Yes, my idea was to jump to the comparision,  but I failed to tell.
And unfortunately we haven't got a single 'jncz' on IA-Cpus. 

| 2. your code misses the "dec ecx" implicit in the loop instruction,
|     and will search too far. (The decrement in my code, together
|     with the +4 in the lea, excludes the already tested middle element
|     from the last range.)

Yes, I made a classical off by one (4 here).  
 
| Anyway, it seems the best I can do is to keep the jecxz while changing
| the loop - so I end up with:
| 
|     xor    edx,edx
| .split:
|       jecxz .miss
| .loop:
|       shr ecx,1
|       setnc dl        ; the flag is now reverted
|       cmp eax,[edi+ecx*4]
|       jb short .split
|       je short .hit
|       lea edi,[edi+4*ecx+4]

?       lea edi,[edi+ecx*4+]  ?

|       sub ecx,edx    ; subtract instead of add, to get the decrement
|       jnz short .loop
| .miss:
 
| which is a tiny bit faster than the code I had.

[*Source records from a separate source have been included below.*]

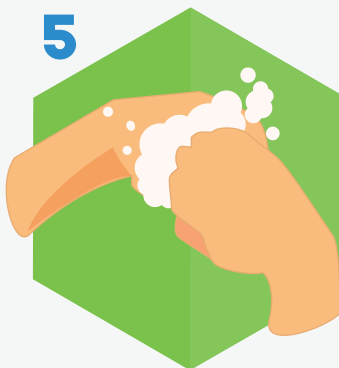
BACK OF HANDS
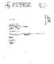
Municipal electric utilities annual report of the Plattsburgh Municipal Lighting Department to the Public Service Commission, 2006 (NYSA_13345-13_Plattsburgh_Municipal_2006)
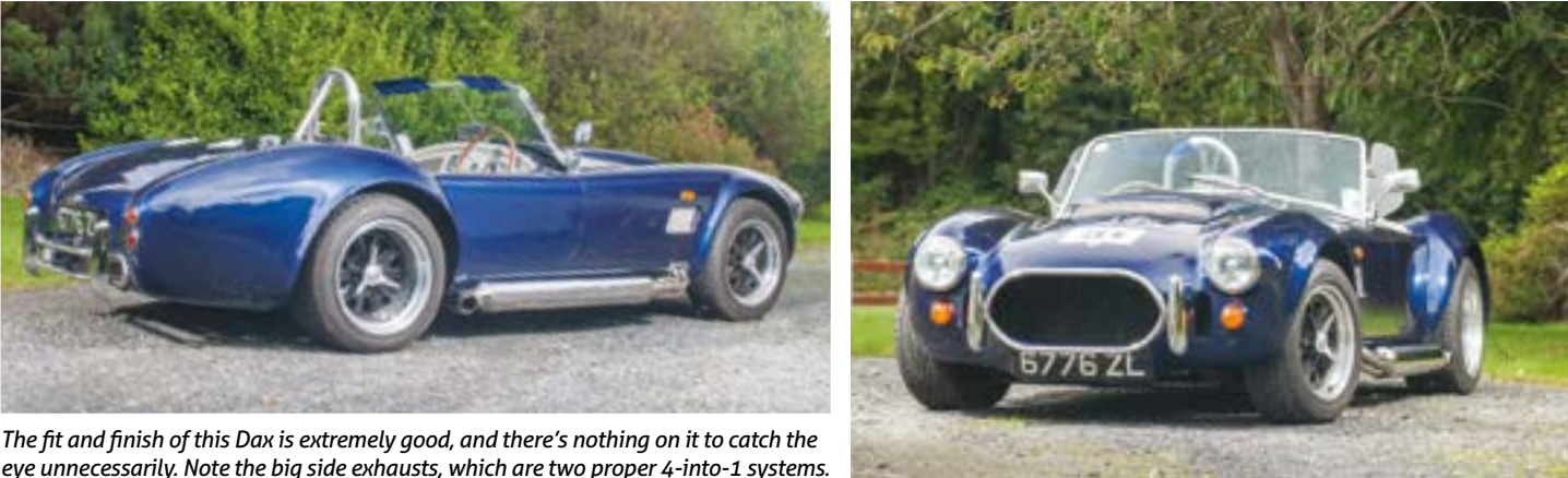
The fit and finish of this Dax is extremely good, and there's nothing on it to catch the eye unnecessarily. Note the big side exhausts, which are two proper 4-into-1 systems.
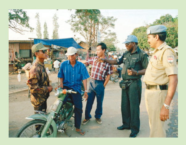
Indian Police Officer in Cambodia

UN Operations in Somalia (UNOSOM - II) March 1993 to December 1994: India played an active role in United Nation's campaign in Somalia. The Indian contingent of the UN Peacekeepers successfully provided humanitarian relief. It dug a large number of wells, constructed schools and mosques, and ran mobile dispensaries and relief camps, provided medical as well as veterinary care. It also carried out rehabilitation of thousands of refugees and assisted in their repatriation.
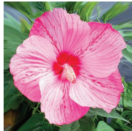
Hibiscus 'Peppermint Schnapps'

• Grow 3½ ft. tall and 3 ft. wide with 8- to 10-inch blooms.
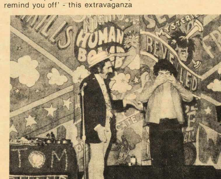
Madhouse Theatre deties description — one simply has to see and survive it.

provided its audience with an experience or two they will never forget (even if they might want to). To do these talented and multifaceted performers justice is impossible for they dety description as does their act. The curious will just have to brave the hairy grasp of the wild man of Borneo, and come and see for themselves at the Theatre's last appearance on Thursday night.
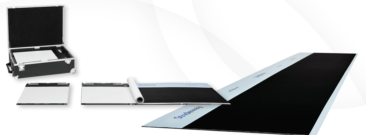
The Strideway is quickly assembled/dis-assembled for easy storage & transportation.

The Strideway system comes with a compact storage case on wheels for convenient storage and transport. It is quickly assembled and dis-assembled to provide complete flexibility with data collection. In addition to creating a truly portable form factor, the modular set-up means that additional tiles can be added on at any time to create a longer surface area.
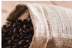
Hebe Reef Cafe George Town

There seems to be
| little or no gain in replacing the jecxz instruction. 

Right, even jecxz is slower on my AMD,
it seems to be faster than a cmp/jcc pair on Intel's.

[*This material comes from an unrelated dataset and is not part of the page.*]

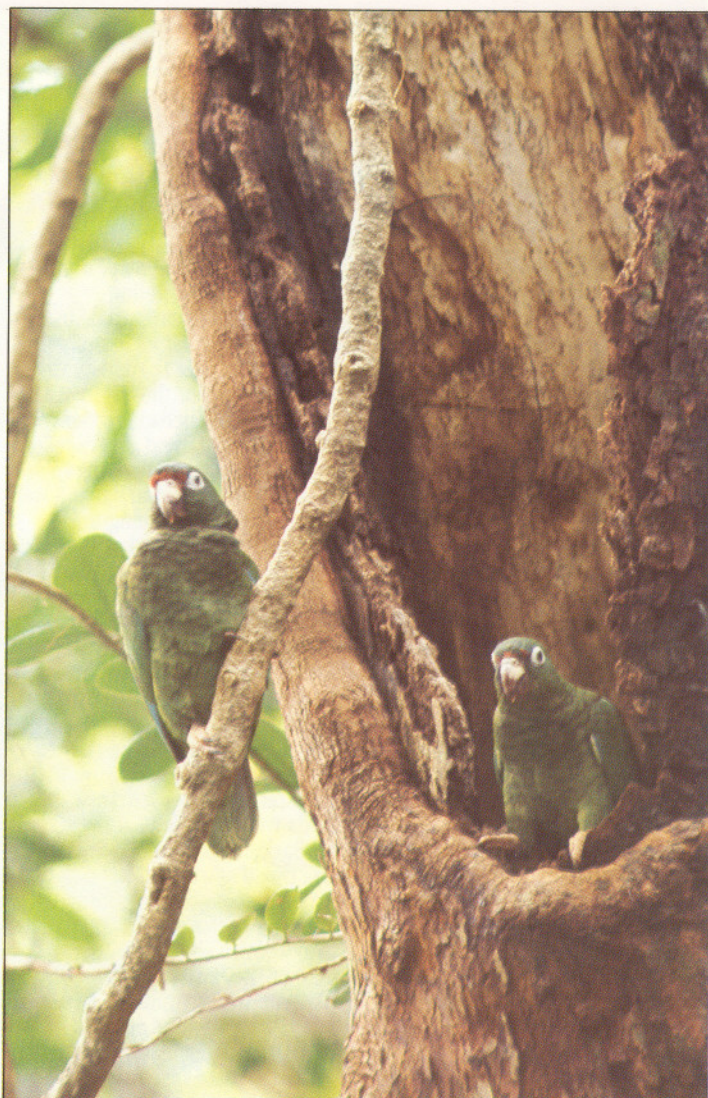
Puerto Rican Parrots nesting successfully in a rehabilitated cavity of a palo colorado in 1975. Prior to patchwork, this site was thoroughly wet inside.

In the long term it is important not only to resuscitate the Luquillo Mountains population but also to establish new wild populations in other forested regions of the island, such as Rio Abajo Forest, where a second aviary for the species has recently been created.

I still think that you could get rid of the jecxz,
but it may not be faster then.

Looks now good to me anyway :)

__
wolfgang



    
 

0
Reply wolfgang 7/30/2005 5:48:21 AM

Ole,

A couple of suggestions, try replacing jecxz with the instruction pair,

tst ecx, ecx
jz .miss

See if you can remove the SHR instruction by changing the scale from 4
to 2 in the CMP and LEA complex addressing as it is probably the major
bottleneck in your loop code.

Regards,

hutch at movsd dot com

0
Reply hutch 7/30/2005 6:04:14 PM

randyhyde@earthlink.net wrote:
> This has been true on the Pentium processors for quite some time. MOVS
> and STOS seem to work well, the other string instructions are far
> slower than using (simple) discrete instructions to implement the same
> thing.

At what processor family did this become the case?  I ask because, as
part of a hobby project, I'm writing code optimized to every major x86
architecture from 8088 to Pentium, and I was under the impression that
the string instructions were to be favored above all else.

0
Reply Jim 7/30/2005 8:02:20 PM

Ole Nielsby wrote:
> I'm puzzled by the following test results...
>
> My program is searching small blocks of ordered pointers to
> see if a given pointer is there.
>
> The typical case is a miss, so that's what I tested for.
>
> I assumed a single  repne scasd  instruction would be faster than
> setting up a binary search for blocks smaller than 30 pointers or so.
>
> However, my binary search seems to outperform the  rep scasd
> search even when there is only a single pointer to be searched.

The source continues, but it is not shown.